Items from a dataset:
○ ○ ○ ○ ○ ○ ○

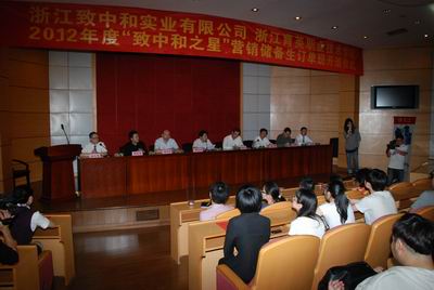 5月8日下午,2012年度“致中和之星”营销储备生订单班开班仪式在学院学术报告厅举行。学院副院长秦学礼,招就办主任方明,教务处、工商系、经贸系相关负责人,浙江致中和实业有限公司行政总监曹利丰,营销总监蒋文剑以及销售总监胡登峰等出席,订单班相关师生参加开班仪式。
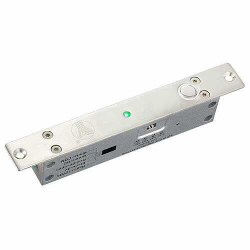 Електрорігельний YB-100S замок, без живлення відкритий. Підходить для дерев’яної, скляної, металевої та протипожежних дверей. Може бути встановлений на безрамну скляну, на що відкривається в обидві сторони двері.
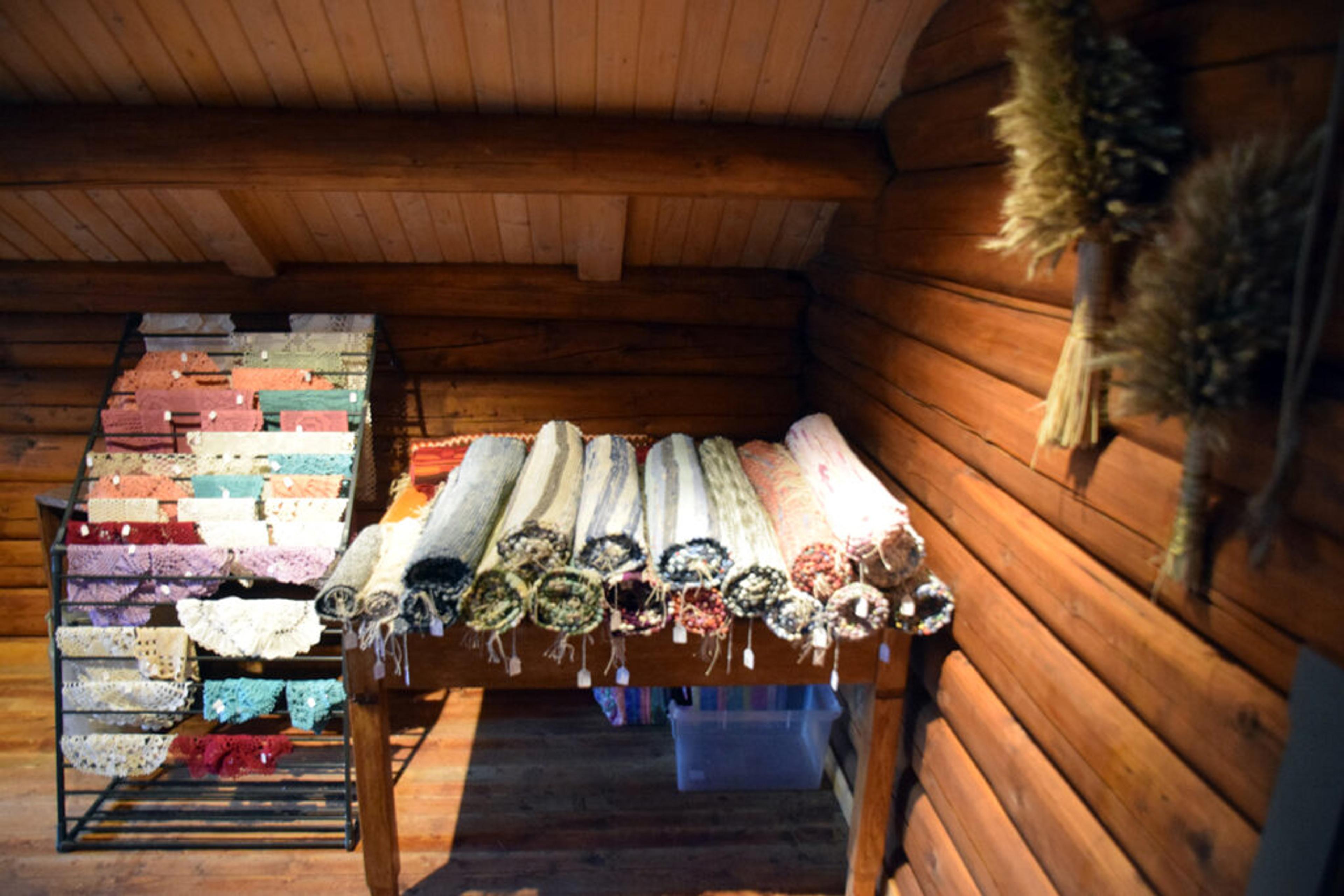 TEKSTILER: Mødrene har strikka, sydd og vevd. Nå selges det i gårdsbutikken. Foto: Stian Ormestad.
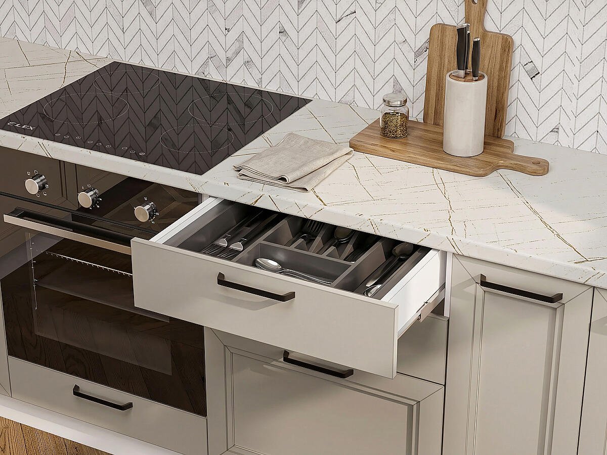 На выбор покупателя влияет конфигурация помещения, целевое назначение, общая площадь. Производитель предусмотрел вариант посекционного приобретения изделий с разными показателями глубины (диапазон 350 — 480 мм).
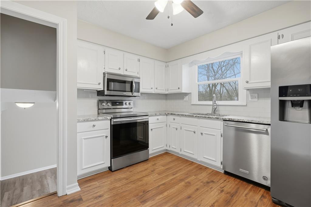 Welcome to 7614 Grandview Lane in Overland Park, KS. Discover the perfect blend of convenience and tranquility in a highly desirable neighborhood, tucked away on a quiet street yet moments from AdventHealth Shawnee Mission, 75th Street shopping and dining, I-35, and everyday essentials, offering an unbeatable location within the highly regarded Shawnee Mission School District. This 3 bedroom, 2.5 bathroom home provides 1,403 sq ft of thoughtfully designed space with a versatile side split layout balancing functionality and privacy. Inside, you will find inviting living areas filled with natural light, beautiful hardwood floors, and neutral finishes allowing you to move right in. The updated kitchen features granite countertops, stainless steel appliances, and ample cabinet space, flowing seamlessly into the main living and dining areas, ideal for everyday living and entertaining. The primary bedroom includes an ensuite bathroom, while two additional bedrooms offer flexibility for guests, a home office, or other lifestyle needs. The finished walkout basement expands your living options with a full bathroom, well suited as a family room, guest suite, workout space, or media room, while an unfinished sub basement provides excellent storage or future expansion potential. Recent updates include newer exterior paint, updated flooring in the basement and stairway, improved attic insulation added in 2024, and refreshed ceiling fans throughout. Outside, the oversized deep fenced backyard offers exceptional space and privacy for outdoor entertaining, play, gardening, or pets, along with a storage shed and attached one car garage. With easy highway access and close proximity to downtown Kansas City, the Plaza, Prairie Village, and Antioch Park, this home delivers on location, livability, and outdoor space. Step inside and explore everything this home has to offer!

○ ○ ○ ○ ○ ○ ○

About this task: Write out each entry exactly, images excluded.

Result:
 5月8日下午,2012年度“致中和之星”营销储备生订单班开班仪式在学院学术报告厅举行。学院副院长秦学礼,招就办主任方明,教务处、工商系、经贸系相关负责人,浙江致中和实业有限公司行政总监曹利丰,营销总监蒋文剑以及销售总监胡登峰等出席,订单班相关师生参加开班仪式。
 Електрорігельний YB-100S замок, без живлення відкритий. Підходить для дерев’яної, скляної, металевої та протипожежних дверей. Може бути встановлений на безрамну скляну, на що відкривається в обидві сторони двері.
 TEKSTILER: Mødrene har strikka, sydd og vevd. Nå selges det i gårdsbutikken. Foto: Stian Ormestad.
 На выбор покупателя влияет конфигурация помещения, целевое назначение, общая площадь. Производитель предусмотрел вариант посекционного приобретения изделий с разными показателями глубины (диапазон 350 — 480 мм).
 Welcome to 7614 Grandview Lane in Overland Park, KS. Discover the perfect blend of convenience and tranquility in a highly desirable neighborhood, tucked away on a quiet street yet moments from AdventHealth Shawnee Mission, 75th Street shopping and dining, I-35, and everyday essentials, offering an unbeatable location within the highly regarded Shawnee Mission School District. This 3 bedroom, 2.5 bathroom home provides 1,403 sq ft of thoughtfully designed space with a versatile side split layout balancing functionality and privacy. Inside, you will find inviting living areas filled with natural light, beautiful hardwood floors, and neutral finishes allowing you to move right in. The updated kitchen features granite countertops, stainless steel appliances, and ample cabinet space, flowing seamlessly into the main living and dining areas, ideal for everyday living and entertaining. The primary bedroom includes an ensuite bathroom, while two additional bedrooms offer flexibility for guests, a home office, or other lifestyle needs. The finished walkout basement expands your living options with a full bathroom, well suited as a family room, guest suite, workout space, or media room, while an unfinished sub basement provides excellent storage or future expansion potential. Recent updates include newer exterior paint, updated flooring in the basement and stairway, improved attic insulation added in 2024, and refreshed ceiling fans throughout. Outside, the oversized deep fenced backyard offers exceptional space and privacy for outdoor entertaining, play, gardening, or pets, along with a storage shed and attached one car garage. With easy highway access and close proximity to downtown Kansas City, the Plaza, Prairie Village, and Antioch Park, this home delivers on location, livability, and outdoor space. Step inside and explore everything this home has to offer!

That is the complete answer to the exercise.